** Information supplied follows **

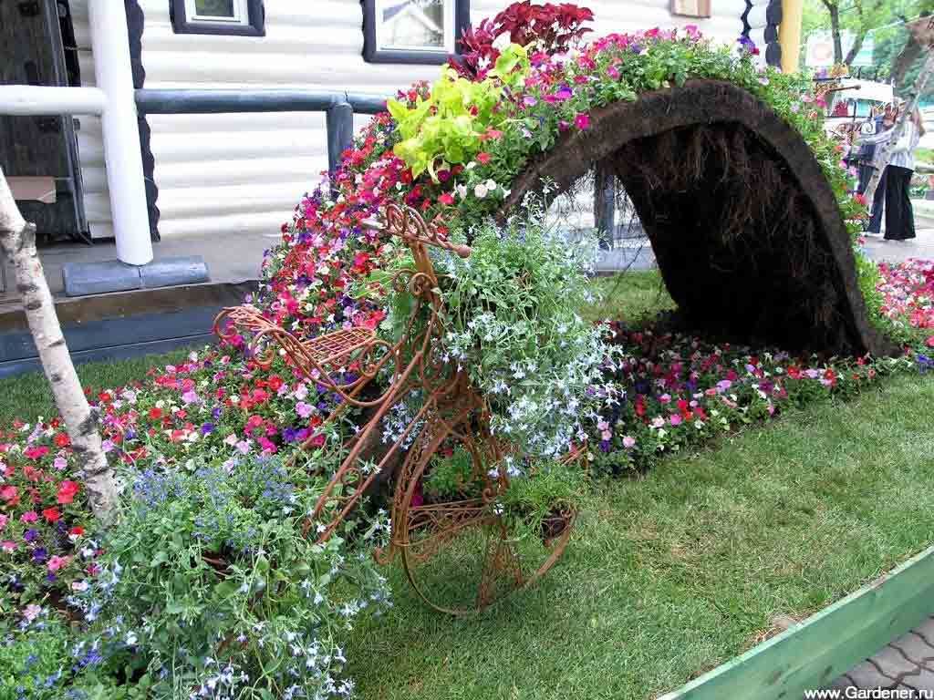 В сети можно найти много фото и видео с клумбами и цветниками из любых подручных материалов. Тут нет предела фантазии. Использовать можно и старые колеса, и тачки, и садовый инвентарь. В качестве ограждения подойдет и старая ванна, вопрос только в том, что так можно захламить цветник, переборщить с наполнением его объемными формами.
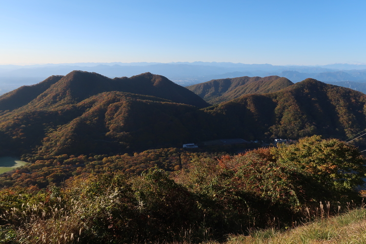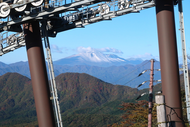 西に目をやると、ロープウェイの柱間に浅間山も見えた。
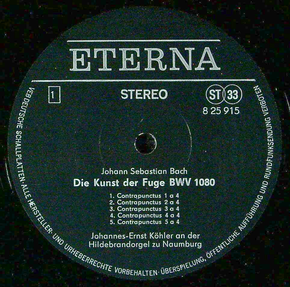 商品コード:1380-005n[ETERNA] J.E.ケーラー(org) / バッハ:フーガの技法BWV.1080

** End of Information supplied **

**Your assignment:** The answer must be the full listing above, copied exactly, with no pictures in it.

**Completed exercise:**
 В сети можно найти много фото и видео с клумбами и цветниками из любых подручных материалов. Тут нет предела фантазии. Использовать можно и старые колеса, и тачки, и садовый инвентарь. В качестве ограждения подойдет и старая ванна, вопрос только в том, что так можно захламить цветник, переборщить с наполнением его объемными формами.
 西に目をやると、ロープウェイの柱間に浅間山も見えた。
 商品コード:1380-005n[ETERNA] J.E.ケーラー(org) / バッハ:フーガの技法BWV.1080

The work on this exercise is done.